Source data>
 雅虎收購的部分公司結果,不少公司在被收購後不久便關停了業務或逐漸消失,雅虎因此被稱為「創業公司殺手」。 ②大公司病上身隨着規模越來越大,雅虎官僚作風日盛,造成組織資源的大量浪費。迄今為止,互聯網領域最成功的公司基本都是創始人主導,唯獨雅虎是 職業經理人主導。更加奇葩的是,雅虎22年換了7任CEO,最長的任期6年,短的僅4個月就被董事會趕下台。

--

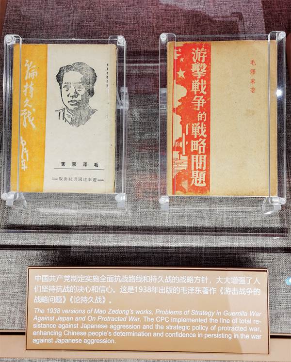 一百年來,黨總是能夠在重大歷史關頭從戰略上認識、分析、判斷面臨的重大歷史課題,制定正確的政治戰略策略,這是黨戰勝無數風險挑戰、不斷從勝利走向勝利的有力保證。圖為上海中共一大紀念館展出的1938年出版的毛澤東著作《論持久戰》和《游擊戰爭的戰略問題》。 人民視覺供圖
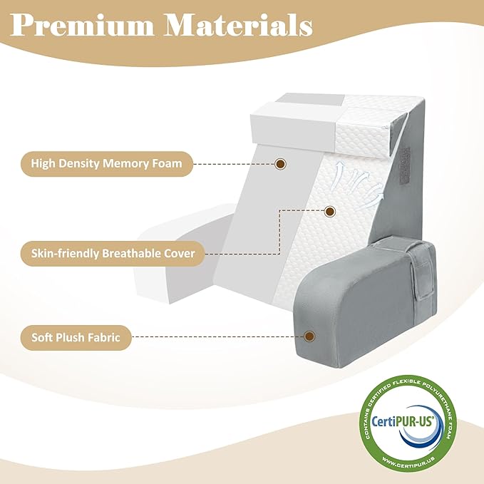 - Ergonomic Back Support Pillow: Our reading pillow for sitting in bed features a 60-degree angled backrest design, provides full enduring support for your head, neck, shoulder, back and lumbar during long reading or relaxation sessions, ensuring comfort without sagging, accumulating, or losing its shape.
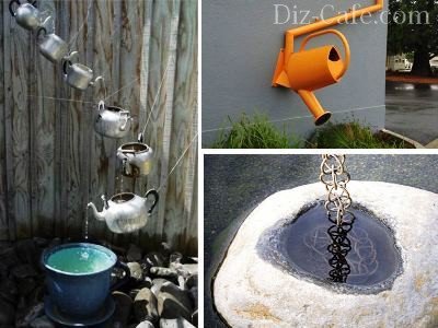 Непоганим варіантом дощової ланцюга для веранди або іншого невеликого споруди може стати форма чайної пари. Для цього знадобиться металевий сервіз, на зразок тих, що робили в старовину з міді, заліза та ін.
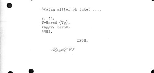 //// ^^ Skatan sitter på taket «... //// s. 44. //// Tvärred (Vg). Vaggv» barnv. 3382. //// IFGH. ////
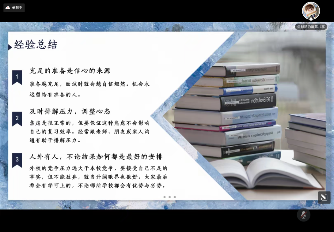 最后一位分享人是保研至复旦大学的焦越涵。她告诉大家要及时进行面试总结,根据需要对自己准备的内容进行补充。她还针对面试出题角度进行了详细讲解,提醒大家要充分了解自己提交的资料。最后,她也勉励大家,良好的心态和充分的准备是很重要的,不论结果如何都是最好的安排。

Try it> Return exactly the stretch above whose first line contains "一百年來,黨總是能夠在重大歷" and whose last line contains "最后一位分享人是保研至复旦大", and nothing outside it. The pictures should not appear.

Solution to the exercise>
 一百年來,黨總是能夠在重大歷史關頭從戰略上認識、分析、判斷面臨的重大歷史課題,制定正確的政治戰略策略,這是黨戰勝無數風險挑戰、不斷從勝利走向勝利的有力保證。圖為上海中共一大紀念館展出的1938年出版的毛澤東著作《論持久戰》和《游擊戰爭的戰略問題》。 人民視覺供圖
 - Ergonomic Back Support Pillow: Our reading pillow for sitting in bed features a 60-degree angled backrest design, provides full enduring support for your head, neck, shoulder, back and lumbar during long reading or relaxation sessions, ensuring comfort without sagging, accumulating, or losing its shape.
 Непоганим варіантом дощової ланцюга для веранди або іншого невеликого споруди може стати форма чайної пари. Для цього знадобиться металевий сервіз, на зразок тих, що робили в старовину з міді, заліза та ін.
 //// ^^ Skatan sitter på taket «... //// s. 44. //// Tvärred (Vg). Vaggv» barnv. 3382. //// IFGH. ////
 最后一位分享人是保研至复旦大学的焦越涵。她告诉大家要及时进行面试总结,根据需要对自己准备的内容进行补充。她还针对面试出题角度进行了详细讲解,提醒大家要充分了解自己提交的资料。最后,她也勉励大家,良好的心态和充分的准备是很重要的,不论结果如何都是最好的安排。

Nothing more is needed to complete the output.